Foto: Matilda Hedberg Dowdle
One question, and he was firing away. Fabian Cancellara must be one of the easiest to interview on the planet. The man can talk.
Two nights before Ronde van Vlaanderen and the pre-party before the race is on. Some of the great people of Zingem took us to places we would never have found ourselves near the Oude Kwaremont. To be sitting at the table next to the great cycling photographer Graham Watson or the cheif mechanic from the Orica GreenEdge team was great. But greatest of them all were of course our new-found friends from Zingem.
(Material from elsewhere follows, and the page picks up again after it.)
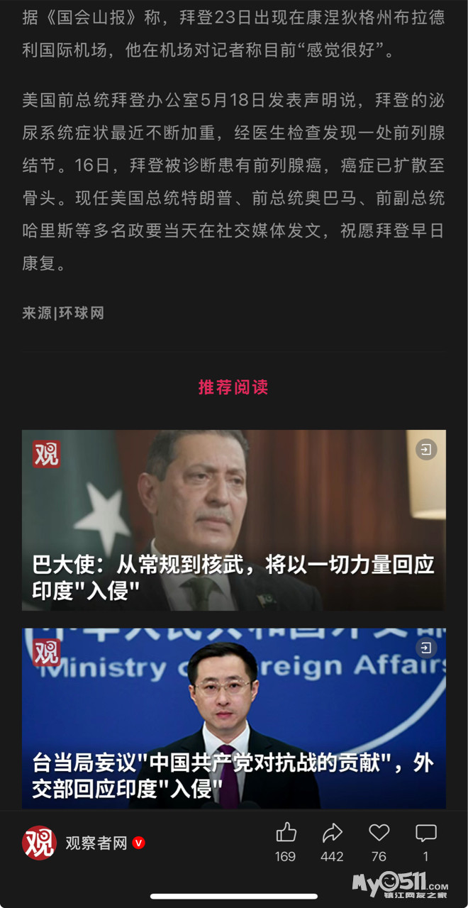» 拜登确诊癌症后首露面

Later that night we drove down to a farm at the bottom of Oude Kwaremont that turns it’s old stable into a great bicycling bar for a coumple of nights every year. Jam-packed with cycling fans and local beer cheap as dirt. The man in the grey sweater told me what he considered to be the most important Belgian word: ”koers!”
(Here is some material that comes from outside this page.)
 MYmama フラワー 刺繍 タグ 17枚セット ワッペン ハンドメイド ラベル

Martin Vestby, Directeur Sportif in Team Cramo Go:green and one of the kindest hearts in the pro cycling circus. A good friend to have.
The fans. We were really interested in the fans at this year’s Ronde van Vlaanderen. So we arranged to meet Ivan – a really nice fan of Emma Johansson’s at a local sports bar. A bar that turned out to be filled with classic cycling memorabilia. Really nice to meet you Ivan!
We’re in the enormous beer tent at the finish area of this year’s Ronde van Vlaanderen. One of the guys at the next table see our press vests and walks over to us.
”Hey, take a photo of us. It will be the best photo you have taken at the race this year”, he asks happily.
The amount of beer on their table is somewhat…impressive, so we ask them how many beers they have bought.
Calculating on his fingers one of them replies ”first we bought forty. Then 60. And then 60”.
I ask him how many they are in the group sharing those beers.
”Ten!” he replies, smiling mischievously.
After going flat out down the Kanarieberg descent, a sharp 90 degrees turn at the bottom.
The day before the pro race, 16.000 amateurs take on the tough and challenging Ronde van Vlaanderen course. Paterberg is the last pavé (cobbled) climb of the day. With a 20% maximum grade the climb takes its toll on even the best riders.
After the tought Patersberg climb, a well deserved descent. All that is left now for the amateur riders in the sportif race is the last relatively flat 16 kilometers to the finish on Oudenaarde.
Molenberg. The first pavé climb of the women’s race. Driving up the cobbled climb the undercarriage scrapes against the stones every couple meters. Walking down to find a photo spot it strikes me just how uneven and slippery the cobbles are. A few minutes later the cyclists race up the hill.
Life as a member of the press at a pro cycling race equals full speed ahead from early morning until late at night. Once all batteries are recharged, photos has been backed-up and tomorrow’s maps have been examined – a couple of hours of photo editing in the hotel room. And then a few hours of sleep before an early breakfast and a new day. Love it.
Late at night, the day before the Ronde van Vlaanderen race passes through the village, the people of Zingem honors their favourite rider by painting her name on the road. Emma Johansson, the Swedish pro cyclist, lives in Zingem and the villagers has taken her to their heart. Along the Heirweg road, Swedish flags are hung above the road, turning it into ”Emma street” for one day. But the paint on the road stays on for months.